----- Information shown -----
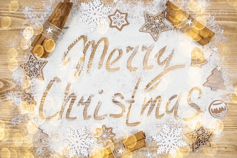 Надпись на муке с Рождеством. Рамка из корицы, печенья, сушеных апельсинов, оленей и рождественских украшений на деревянном фоне. Концепция кафе и ресторанов. Новый год 2023
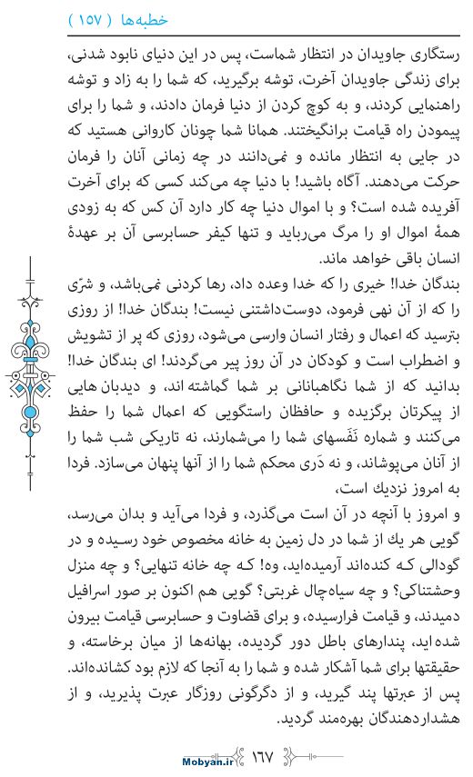 نمایش نهج البلاغه - خطبه : 157 - تشویق به پرهیزکاری
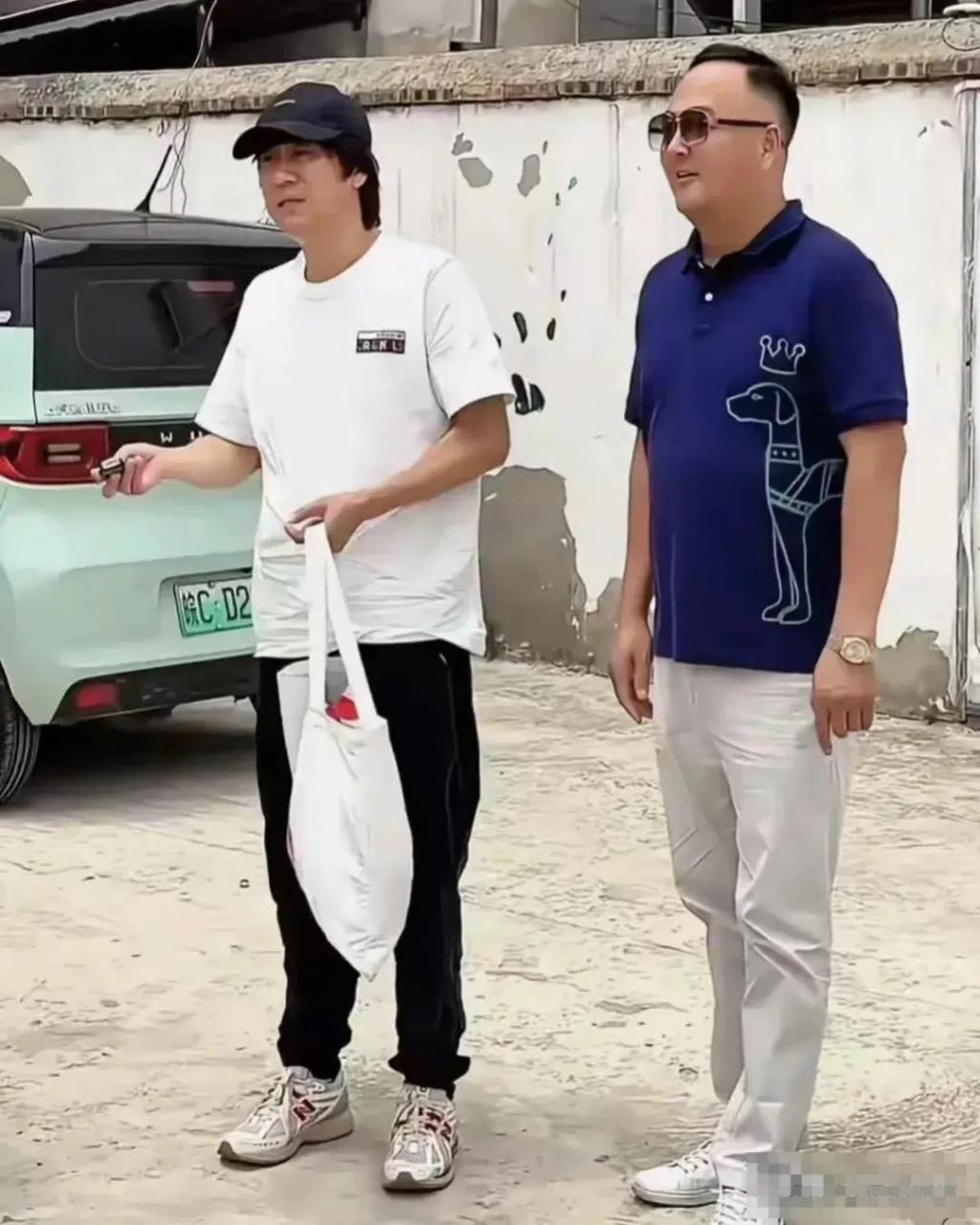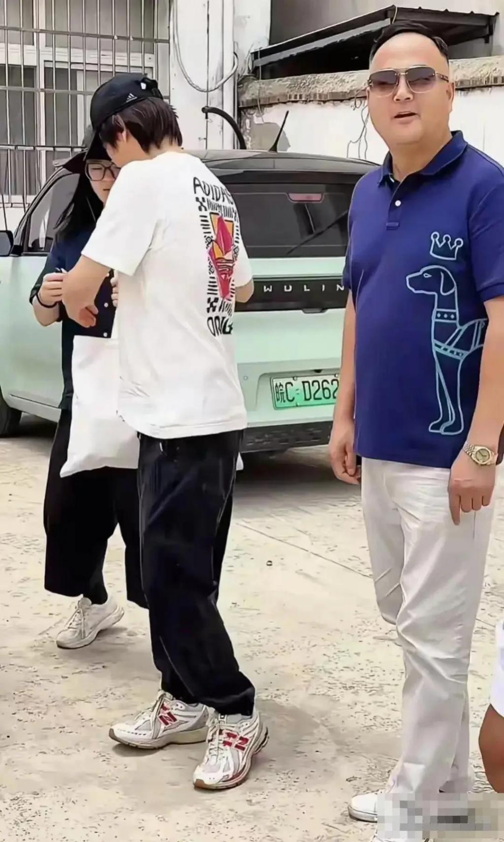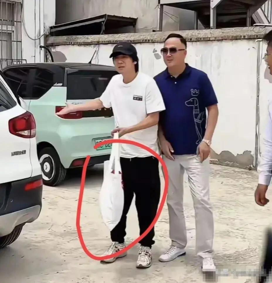 他不仅打扮风格休闲随意,连发型也看着十分的潦草不堪,手上提着的廉价布袋分外抢眼,站姿弯腰弓背的样子,和旁边精致的 " 墨镜老板 " 对比,可以说是天壤之别的邋遢至极。
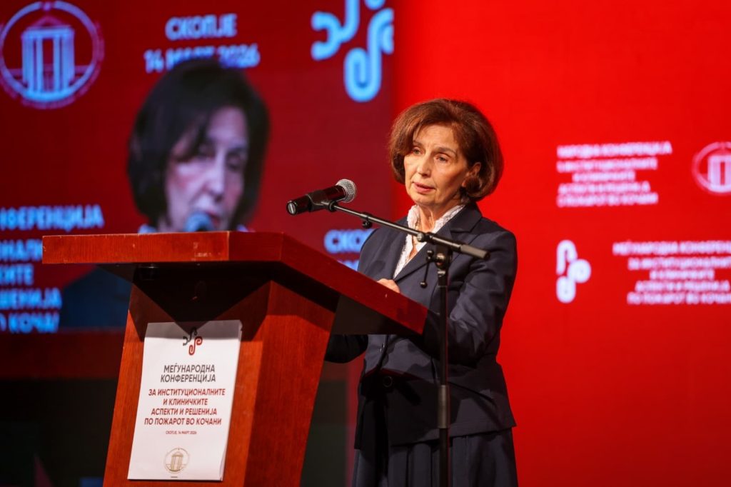Претседателката Гордана Сиљановска-Давкова се обрати на завршната сесија на Меѓународната конференција за институционалните и клиничките аспекти и решенија по пожарот во Кочани, што се одржа денеска во Скопје во организација на Владата.
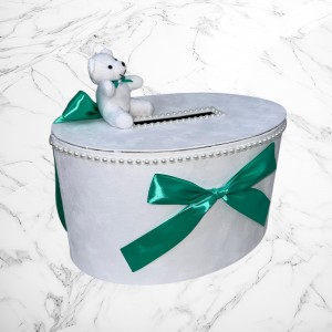 Comanda acum produsul "Cutie de dar cu ursulet plus si funde verde menta".
-----
Exercise requirements:
Pictures must be left out. Repeat exactly the lines from the one containing "نمایش نهج البلاغه" through the final line of the data.

Solution below:
 نمایش نهج البلاغه - خطبه : 157 - تشویق به پرهیزکاری
 他不仅打扮风格休闲随意,连发型也看着十分的潦草不堪,手上提着的廉价布袋分外抢眼,站姿弯腰弓背的样子,和旁边精致的 " 墨镜老板 " 对比,可以说是天壤之别的邋遢至极。
Претседателката Гордана Сиљановска-Давкова се обрати на завршната сесија на Меѓународната конференција за институционалните и клиничките аспекти и решенија по пожарот во Кочани, што се одржа денеска во Скопје во организација на Владата.
 Comanda acum produsul "Cutie de dar cu ursulet plus si funde verde menta".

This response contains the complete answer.